Embark on a culinary journey to the vibrant shores of Portugal, where the flavors of the sea and land harmoniously blend. Discover the essence of Portuguese cuisine through the delectable dish of "Portuguese shrimp," a symphony of succulent shrimp enveloped in a rich and aromatic sauce. This article will guide you through a selection of the finest recipes, each capturing the essence of this beloved dish. Whether you prefer the traditional cataplana, where shrimp mingle with clams, chorizo, and tomatoes in a copper pot, or the simplicity of grilled shrimp with garlic and olive oil, you'll find a recipe that tantalizes your taste buds. So, gather your ingredients, don your apron, and prepare to immerse yourself in the culinary traditions of Portugal, where the flavors of shrimp reign supreme.

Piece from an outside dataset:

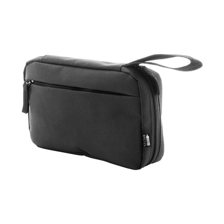 Custodia organizer per cavetteria in poliestere 600D RPET, scomparti interni in rete, tasca frontale chiusa da cerniera ed etichetta RPET.

Let's cook with our recipes!
PORTUGUESE SHRIMP
Wonderful tasting shrimp. Easy to make.
Provided by Dave
Categories World Cuisine Recipes European Portuguese
Time 45m
Yield 8
Number Of Ingredients 11
Steps:
- Heat olive oil in a large skillet over medium heat. Add onion and garlic; cook and stir until softened, about 5 minutes. Stir in parsley, tomato paste, hot pepper sauce, chicken bouillon, and paprika. Pour in half of the ale; simmer until flavors combine, about 5 minutes.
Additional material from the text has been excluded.